ルージュはキスのあとで
「はい、おまちどうさま。本日のお献立です」
「あ、ありがとうございます」
「今日はね、いい真ダコが手に入ったのでタコ飯定食ですよ。お茶とデザートも用意しておりますので、お食事が終わりましたら声かけてくださいね」
おだやかな笑みを浮かべた板前さんはそれだけ言うと調理場に戻っていった。
テーブルに置かれたお膳を見ると、温かな湯気が立ち上る。
空腹を刺激する、おいしそうな香りに思わずお腹の音が鳴り響いてしまいそうだった。
「食ってみろ。うまいぞ」
「……いただきます」
手を合わせてから、箸を取る。
まずはお吸い物から、たけのこと絹さやが入ったお吸い物。どちらも季節の野菜だ。
ゆっくりと口をつける。
「おいしい!」
思わず声に出して言ってしまった。本当においしかったから。
顔が綻んでいくのが自分でもわかった。
今日はずっと顔が強張っていた気がする。
メイク指南のことを絶対に断ろうと虚勢を張っていたから。
強い気持ちを持って、長谷部さんに向かっていかないと勝てないと気持ちを張りつめていた。

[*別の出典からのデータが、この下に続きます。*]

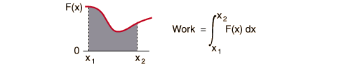 For the more general case of a variable force F(x) which is a function of x, the work is still the area under the force curve, and the work expression becomes an integral.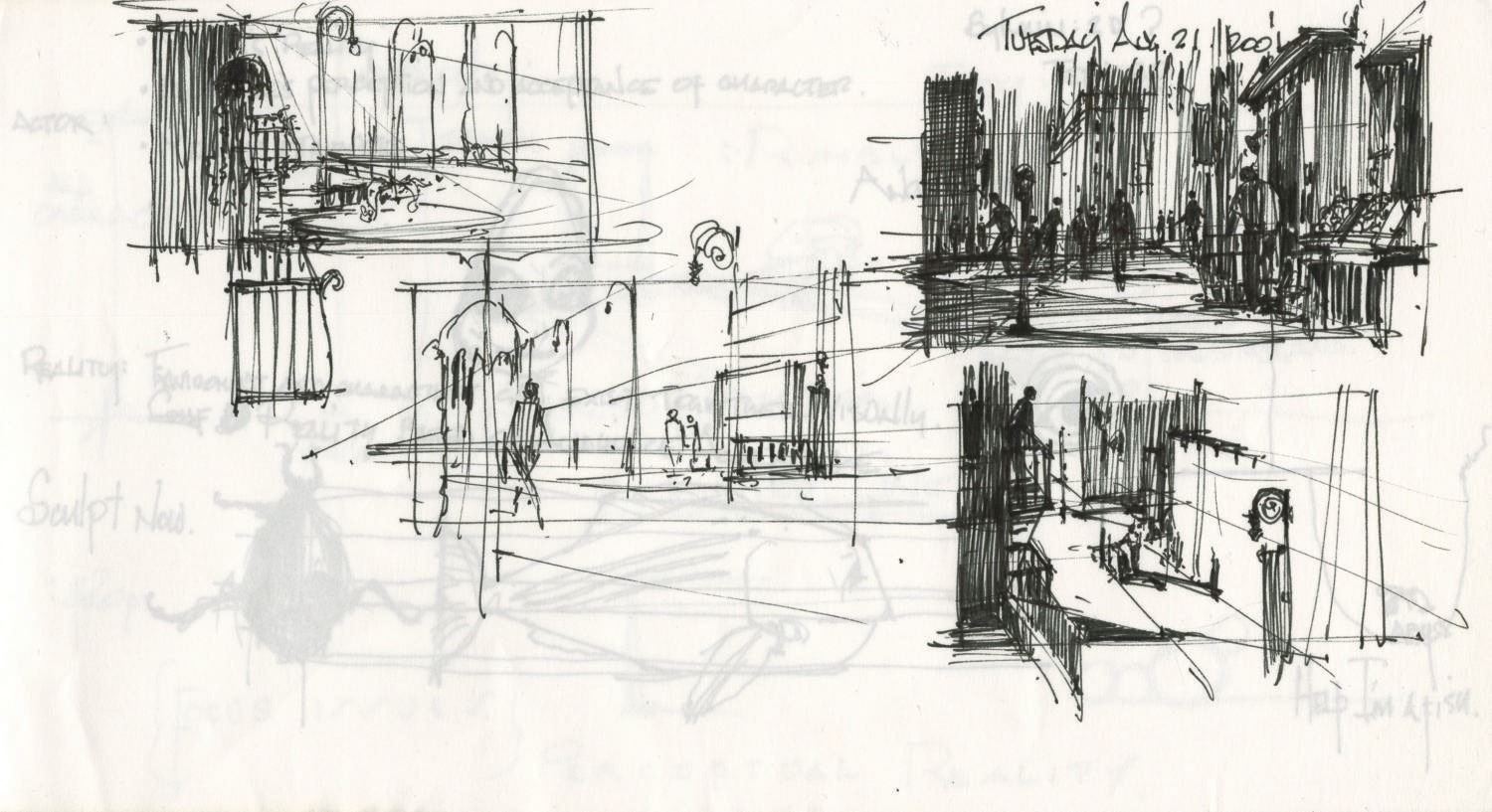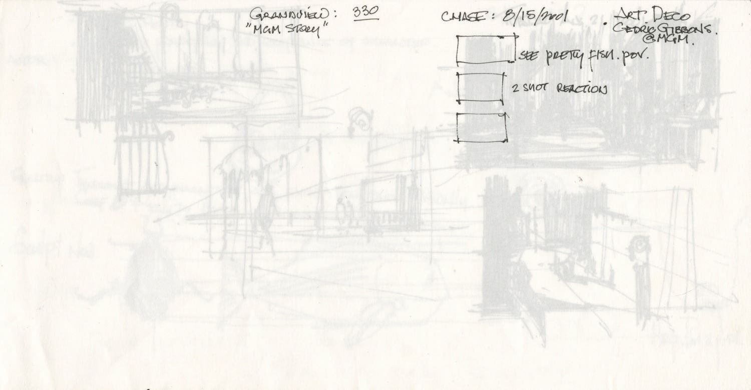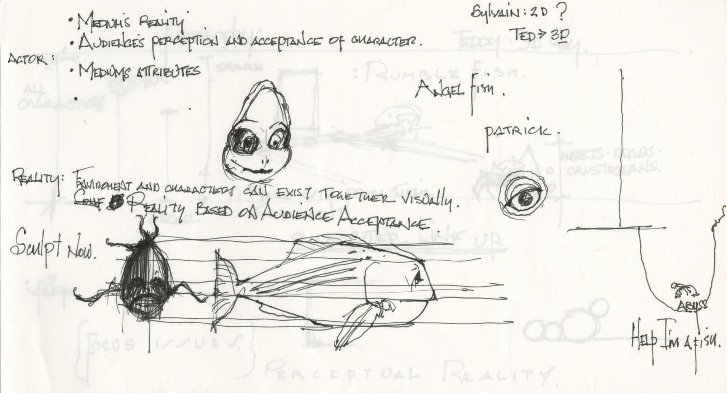 (DreamWorks, 2001) A collection of (5) pages of pre-production concept artwork, notes, and diagrams for the animated underwater gangster comedy, Shark Tale. Consisting of 5-pages attached at the left edge, the artwork includes scenic and storyboard drawings, shot lists, character models, scale diagrams for ocean inhabitants, and assorted philosophical notes on making the characters and setting believable for the audience. Dated between August 15 and August 21, 2001, these pages are among the earliest conceptual documents created for the film, which officially began production in April of 2002. Each page measures 5.5”x10” and the collection is in fine condition with only minimal handling.

だからこそ、久しぶりに自分でも笑ったと自覚があった。
そんな私のことを、じっと見ていたのは目の前の長谷部さんだった。
「なんだ。笑えるじゃないか」
長谷部さんは、そう言ったあとお吸い物に口をつけた。
私はそんな長谷部さんに、ムッとして悪態をついた。
「人をロボットみたいにいわないでください」
どこか人をからかっているような様子の長谷部さんに、内心腹をたてながら次はタコ飯に箸をつける。
こちらも、タコがとてもやわらかくておいしい。
ああ、箸が止まらない。
ものすごく……おいしい。
また顔が緩んでしまいそうになったが、目の前の長谷部さんにまた何か言われるかもしれない。
顔を引き締めたまま、黙々と目の前のおいしいご飯を食べることに専念することにした。
食べ物に罪はない。
それにしても、本当においしいなぁ。今度、彩乃を連れてきてあげよう。
きっと喜ぶだろうなぁ。
パチンと箸を置いた長谷部さんは、肘をついて私のほうをジッと見つめている。
その視線がバチバチ当たっているのがわかって、なんとなく居心地が悪い。
最初はその視線を無視していたのだが、こんなに至近距離で見つめられると無視するのにも段々無理になってくる。
私も箸を置いて、目の前の長谷部さんを見た。